Every record must appear in your copy exactly as written, with no pictures.

##### Information provided #####

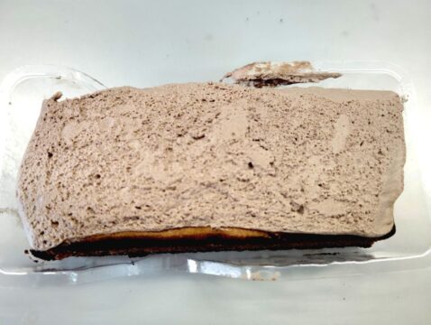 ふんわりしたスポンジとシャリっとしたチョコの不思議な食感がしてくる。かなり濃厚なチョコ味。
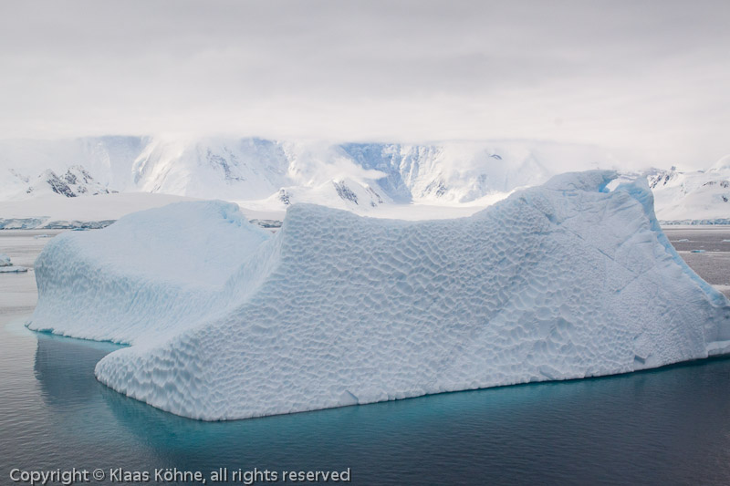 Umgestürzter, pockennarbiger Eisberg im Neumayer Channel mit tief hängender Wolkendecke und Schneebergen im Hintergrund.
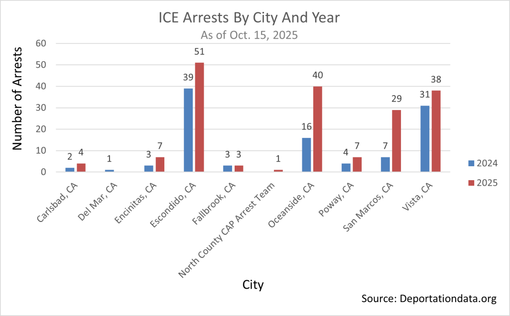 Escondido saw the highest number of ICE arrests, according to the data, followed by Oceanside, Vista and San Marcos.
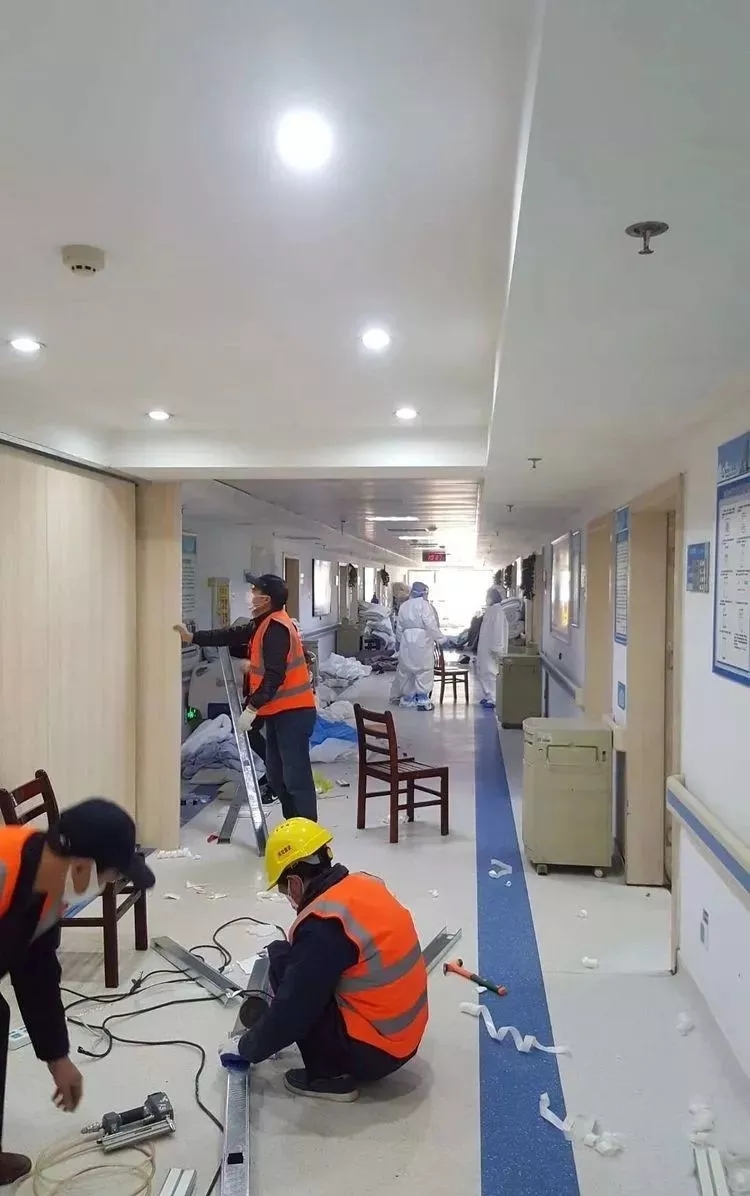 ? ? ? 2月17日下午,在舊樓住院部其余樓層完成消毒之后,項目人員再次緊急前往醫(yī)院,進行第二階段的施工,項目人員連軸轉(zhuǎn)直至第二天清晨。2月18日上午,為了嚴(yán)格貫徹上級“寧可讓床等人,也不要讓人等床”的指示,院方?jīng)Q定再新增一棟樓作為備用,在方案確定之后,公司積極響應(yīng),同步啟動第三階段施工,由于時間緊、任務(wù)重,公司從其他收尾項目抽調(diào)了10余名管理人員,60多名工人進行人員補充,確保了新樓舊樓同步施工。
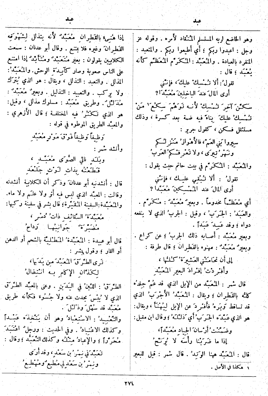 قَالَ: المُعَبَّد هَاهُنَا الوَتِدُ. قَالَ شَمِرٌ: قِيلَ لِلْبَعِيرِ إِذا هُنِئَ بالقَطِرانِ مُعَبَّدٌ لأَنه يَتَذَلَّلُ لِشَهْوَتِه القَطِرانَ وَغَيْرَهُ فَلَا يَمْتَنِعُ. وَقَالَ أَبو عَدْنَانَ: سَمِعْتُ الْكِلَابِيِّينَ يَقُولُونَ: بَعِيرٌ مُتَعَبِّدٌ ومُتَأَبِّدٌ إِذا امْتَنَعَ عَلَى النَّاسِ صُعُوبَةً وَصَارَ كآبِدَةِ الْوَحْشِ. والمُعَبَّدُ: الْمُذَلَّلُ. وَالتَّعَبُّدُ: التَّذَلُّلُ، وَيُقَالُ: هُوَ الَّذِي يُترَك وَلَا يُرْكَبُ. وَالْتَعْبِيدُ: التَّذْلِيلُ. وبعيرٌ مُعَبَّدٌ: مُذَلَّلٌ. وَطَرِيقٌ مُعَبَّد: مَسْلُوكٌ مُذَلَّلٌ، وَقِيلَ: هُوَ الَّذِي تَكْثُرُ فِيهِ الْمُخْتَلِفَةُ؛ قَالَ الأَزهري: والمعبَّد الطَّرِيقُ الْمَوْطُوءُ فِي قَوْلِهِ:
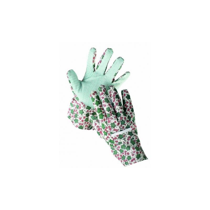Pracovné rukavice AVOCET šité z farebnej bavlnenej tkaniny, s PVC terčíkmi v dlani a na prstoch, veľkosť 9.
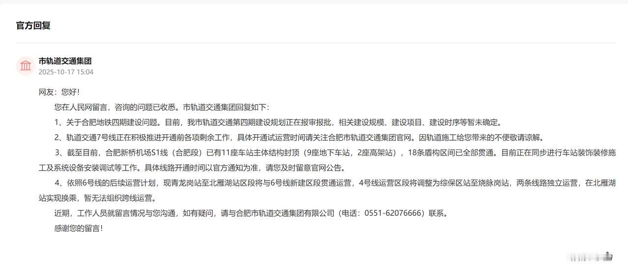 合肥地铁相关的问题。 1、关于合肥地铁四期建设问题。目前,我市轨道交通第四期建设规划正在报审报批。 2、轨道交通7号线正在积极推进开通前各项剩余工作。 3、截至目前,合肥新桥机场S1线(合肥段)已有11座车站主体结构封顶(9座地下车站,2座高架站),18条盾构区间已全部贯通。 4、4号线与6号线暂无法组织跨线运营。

#####

- _Answer to the problem_:
 ふんわりしたスポンジとシャリっとしたチョコの不思議な食感がしてくる。かなり濃厚なチョコ味。
 Umgestürzter, pockennarbiger Eisberg im Neumayer Channel mit tief hängender Wolkendecke und Schneebergen im Hintergrund.
 Escondido saw the highest number of ICE arrests, according to the data, followed by Oceanside, Vista and San Marcos.
 ? ? ? 2月17日下午,在舊樓住院部其余樓層完成消毒之后,項目人員再次緊急前往醫(yī)院,進行第二階段的施工,項目人員連軸轉(zhuǎn)直至第二天清晨。2月18日上午,為了嚴(yán)格貫徹上級“寧可讓床等人,也不要讓人等床”的指示,院方?jīng)Q定再新增一棟樓作為備用,在方案確定之后,公司積極響應(yīng),同步啟動第三階段施工,由于時間緊、任務(wù)重,公司從其他收尾項目抽調(diào)了10余名管理人員,60多名工人進行人員補充,確保了新樓舊樓同步施工。
 قَالَ: المُعَبَّد هَاهُنَا الوَتِدُ. قَالَ شَمِرٌ: قِيلَ لِلْبَعِيرِ إِذا هُنِئَ بالقَطِرانِ مُعَبَّدٌ لأَنه يَتَذَلَّلُ لِشَهْوَتِه القَطِرانَ وَغَيْرَهُ فَلَا يَمْتَنِعُ. وَقَالَ أَبو عَدْنَانَ: سَمِعْتُ الْكِلَابِيِّينَ يَقُولُونَ: بَعِيرٌ مُتَعَبِّدٌ ومُتَأَبِّدٌ إِذا امْتَنَعَ عَلَى النَّاسِ صُعُوبَةً وَصَارَ كآبِدَةِ الْوَحْشِ. والمُعَبَّدُ: الْمُذَلَّلُ. وَالتَّعَبُّدُ: التَّذَلُّلُ، وَيُقَالُ: هُوَ الَّذِي يُترَك وَلَا يُرْكَبُ. وَالْتَعْبِيدُ: التَّذْلِيلُ. وبعيرٌ مُعَبَّدٌ: مُذَلَّلٌ. وَطَرِيقٌ مُعَبَّد: مَسْلُوكٌ مُذَلَّلٌ، وَقِيلَ: هُوَ الَّذِي تَكْثُرُ فِيهِ الْمُخْتَلِفَةُ؛ قَالَ الأَزهري: والمعبَّد الطَّرِيقُ الْمَوْطُوءُ فِي قَوْلِهِ:
Pracovné rukavice AVOCET šité z farebnej bavlnenej tkaniny, s PVC terčíkmi v dlani a na prstoch, veľkosť 9.
 合肥地铁相关的问题。 1、关于合肥地铁四期建设问题。目前,我市轨道交通第四期建设规划正在报审报批。 2、轨道交通7号线正在积极推进开通前各项剩余工作。 3、截至目前,合肥新桥机场S1线(合肥段)已有11座车站主体结构封顶(9座地下车站,2座高架站),18条盾构区间已全部贯通。 4、4号线与6号线暂无法组织跨线运营。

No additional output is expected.